● **Raw data**
╭──
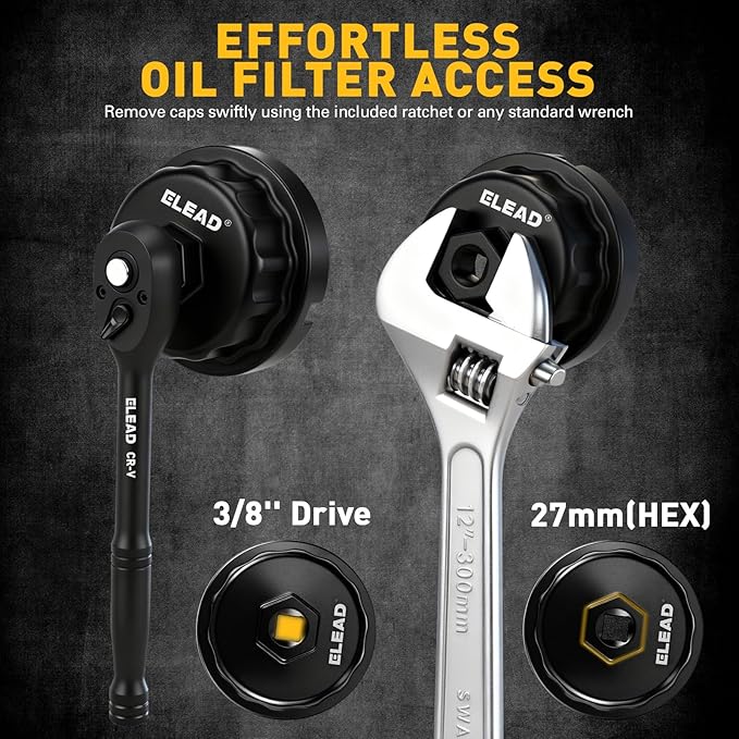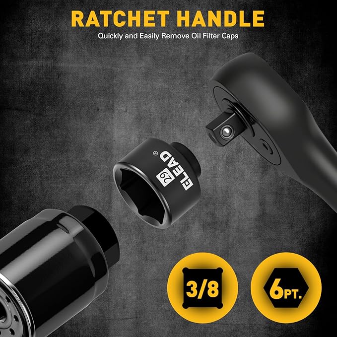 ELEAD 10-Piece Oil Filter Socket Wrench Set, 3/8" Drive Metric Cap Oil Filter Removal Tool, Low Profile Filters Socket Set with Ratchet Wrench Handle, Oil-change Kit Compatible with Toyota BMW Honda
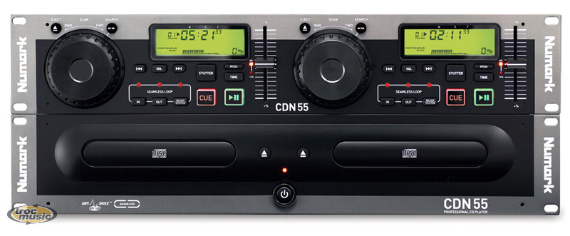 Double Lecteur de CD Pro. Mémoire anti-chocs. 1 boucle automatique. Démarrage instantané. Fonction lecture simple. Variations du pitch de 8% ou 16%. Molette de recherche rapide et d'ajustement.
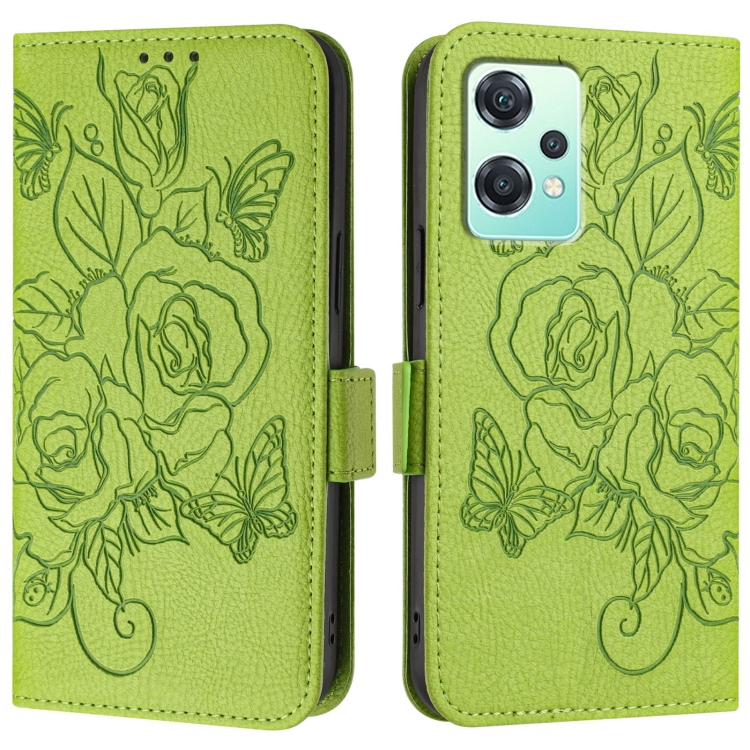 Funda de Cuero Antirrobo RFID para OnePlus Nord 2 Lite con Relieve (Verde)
╰──
● **Exercise prompt**
Copy all the material exactly; omit images.

● **Exercise answer**
 ELEAD 10-Piece Oil Filter Socket Wrench Set, 3/8" Drive Metric Cap Oil Filter Removal Tool, Low Profile Filters Socket Set with Ratchet Wrench Handle, Oil-change Kit Compatible with Toyota BMW Honda
 Double Lecteur de CD Pro. Mémoire anti-chocs. 1 boucle automatique. Démarrage instantané. Fonction lecture simple. Variations du pitch de 8% ou 16%. Molette de recherche rapide et d'ajustement.
 Funda de Cuero Antirrobo RFID para OnePlus Nord 2 Lite con Relieve (Verde)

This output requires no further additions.